The following quote is also precisely relevant to the RS 2477 question: “Nothing passes a perfect title to public lands, with the exception of a few cases, but a patent. The exceptions are, where Congress grants lands, in words of present grant,” (Wilcox v. Jackson, 13 Pet. 498, 516 (1839). If a “present grant” can pass “perfect title” in land, then certainly a “present grant” can also pass a particular right in land as well. By the words “is hereby granted,” RS 2477 was nothing if not a “present grant.” And if a granted “perfect title” in land cannot be revoked by the granting sovereign, then neither can a granted right in land be revoked.

From the analysis above, it would seem conclusive that an express grant of “right-of-way” to “construct highways” over “unreserved public lands” cannot be revoked as Congress presumes to have done under the Federal Land Management and Policy Act of 1976. Accordingly, any passage way over unreserved public lands that a State might either construct or claim as a public “highway” is a valid sovereign claim of the State under the “complete, finished, and enforceable” RS 2477 grant. Highways over unreserved public lands which are claimed by a State are, therefore, physical manifestations of independent State sovereignty. Maintenance and use of these highways are, therefore, actions subject to sovereign State regulation and State law. Violations of State laws associated with State highways must be adjudicated in State courts. Accordingly, any action by Congress or a federal land agency to alter or direct the construction or use of a claimed State “highway” is a direct challenge to State sovereignty.

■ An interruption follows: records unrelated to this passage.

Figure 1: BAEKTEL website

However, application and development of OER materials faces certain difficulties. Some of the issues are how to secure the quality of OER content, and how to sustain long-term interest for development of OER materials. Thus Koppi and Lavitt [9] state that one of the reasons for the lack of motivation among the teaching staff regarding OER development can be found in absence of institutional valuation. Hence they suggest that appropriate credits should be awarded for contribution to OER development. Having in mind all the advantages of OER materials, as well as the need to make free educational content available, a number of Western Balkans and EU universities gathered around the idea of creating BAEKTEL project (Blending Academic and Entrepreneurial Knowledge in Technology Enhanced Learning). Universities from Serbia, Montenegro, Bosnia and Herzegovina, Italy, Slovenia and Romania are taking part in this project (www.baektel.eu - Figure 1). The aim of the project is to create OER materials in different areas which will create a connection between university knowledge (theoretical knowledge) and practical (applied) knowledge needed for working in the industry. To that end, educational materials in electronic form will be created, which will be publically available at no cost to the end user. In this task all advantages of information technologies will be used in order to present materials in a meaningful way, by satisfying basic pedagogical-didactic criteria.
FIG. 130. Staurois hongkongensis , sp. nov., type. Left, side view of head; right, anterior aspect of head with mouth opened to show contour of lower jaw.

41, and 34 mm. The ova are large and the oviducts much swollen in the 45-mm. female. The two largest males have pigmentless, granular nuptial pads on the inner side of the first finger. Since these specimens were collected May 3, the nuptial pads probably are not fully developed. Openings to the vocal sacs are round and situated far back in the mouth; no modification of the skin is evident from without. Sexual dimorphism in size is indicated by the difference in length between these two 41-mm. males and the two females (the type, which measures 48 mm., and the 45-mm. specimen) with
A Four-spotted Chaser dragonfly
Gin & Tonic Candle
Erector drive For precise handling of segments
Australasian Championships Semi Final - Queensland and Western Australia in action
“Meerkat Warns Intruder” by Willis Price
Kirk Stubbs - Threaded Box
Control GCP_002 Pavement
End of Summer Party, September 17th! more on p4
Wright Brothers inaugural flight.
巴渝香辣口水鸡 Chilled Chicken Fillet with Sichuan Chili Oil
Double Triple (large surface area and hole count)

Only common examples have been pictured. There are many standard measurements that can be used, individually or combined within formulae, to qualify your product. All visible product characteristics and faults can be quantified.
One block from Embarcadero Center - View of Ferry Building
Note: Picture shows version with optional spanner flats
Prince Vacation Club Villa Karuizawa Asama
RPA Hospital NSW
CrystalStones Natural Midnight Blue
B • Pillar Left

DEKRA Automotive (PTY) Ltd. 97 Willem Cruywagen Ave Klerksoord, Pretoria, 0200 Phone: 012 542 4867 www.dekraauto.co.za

A San Juan County, Utah, commissioner and one county resident have recently been convicted of violating a road closure decision issued by the Bureau of Land Management. The road at issue is claimed by the County, a subdivision of the sovereign State, as a public highway. Apparently the sole question entertained by the court was simply whether the agency’s closure directive was violated. But there is a much more fundamental question which, apparently, has not been raised or litigated. That question is simply this: Does Congress possess the authority to strip the States of a granted sovereign right to build and declare public highways as the public need requires upon unreserved public lands? This is a question of greater than local interest. It is a question that goes to the heart of independent State sovereignty and constitutional federalism:

“Clearly, Congress could exact of the new State the surrender of no attribute inherent in her character as a sovereign independent State, or indispensable to her equality with her sister States, necessarily implied and guarantied (sic) by the very nature of the Federal compact. Obviously, and it may be said primarily, among the incidents of that equality, is the right to make improvements in the rivers, water-courses, and highways, situated within the State.” Withers v. Buckley, 61 US 84, (1857).